# Profluent and Eli Lilly Forge $2.25 Billion AI Gene Editing Partnership

Eli Lilly has placed one of the largest bets yet on artificial intelligence in drug development, signing a deal worth up to $2.25 billion with Berkeley-based startup Profluent to design novel gene editing proteins using machine learning. The partnership, announced Monday, tasks Profluent's AI platform with creating custom recombinase enzymes capable of inserting entire genes at precise locations in the human genome — a technical feat that remains beyond the reach of conventional CRISPR-based editing systems.

Under the multi-program research collaboration, Profluent will use its generative AI models to design site-specific recombinases for multiple genomic targets tied to diseases with severe unmet medical needs. Lilly will then take the lead on preclinical development, clinical trials, regulatory approvals, and commercialization. Profluent receives an undisclosed upfront payment and committed research and development funding, with eligibility for up to $2.25 billion in development and commercial milestone payments plus tiered royalties on future net sales.

The deal centers on what both companies describe as a holy grail in genetic medicine: kilobase-scale DNA editing. While CRISPR and base editing technologies excel at making small, targeted changes to DNA — knocking out genes or swapping individual nucleotide bases — they struggle to insert long stretches of genetic material, sometimes entire genes, at specific locations. Recombinases, a class of enzymes that can cut, rearrange, and insert large DNA sequences, offer a potential solution. The problem is that naturally occurring recombinases rarely target the exact genomic locations needed for therapeutic purposes.
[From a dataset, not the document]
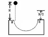 .图示M、N是固定的半圆形轨道的两个端点,轨道半径为R,一个质量为m的小球从M点正上方高为H处自由落下,正好沿切线进入轨道,M、N两点等高,小球离开N点后能上升的最大高度为H/2,不计空气阻力,则小球在此过程中克服半圆轨道摩擦力做的功为____________;小球到最高点后又落回半圆轨道,当它过最低点上升时,其最大高度的位置在M点的_______(填“上方”、“下方”或“等高处”).

That is where Profluent's AI enters the picture. The company's machine learning platform, trained on what it calls the world's largest protein dataset including the most comprehensive database of naturally occurring recombinases, generates entirely novel protein designs programmed to target precise locations in the genome.

"Kilobase-scale DNA editing remains a holy grail in genetic medicine," said Ali Madani, co-founder and CEO of Profluent. "Our work with Lilly is aimed at unlocking therapeutics previously thought impossible. We believe only AI can create the designer recombinases needed to precisely target any location in the genome. This collaboration with Lilly demonstrates that our platform is ready to build the toolkit needed to scale genetic medicines."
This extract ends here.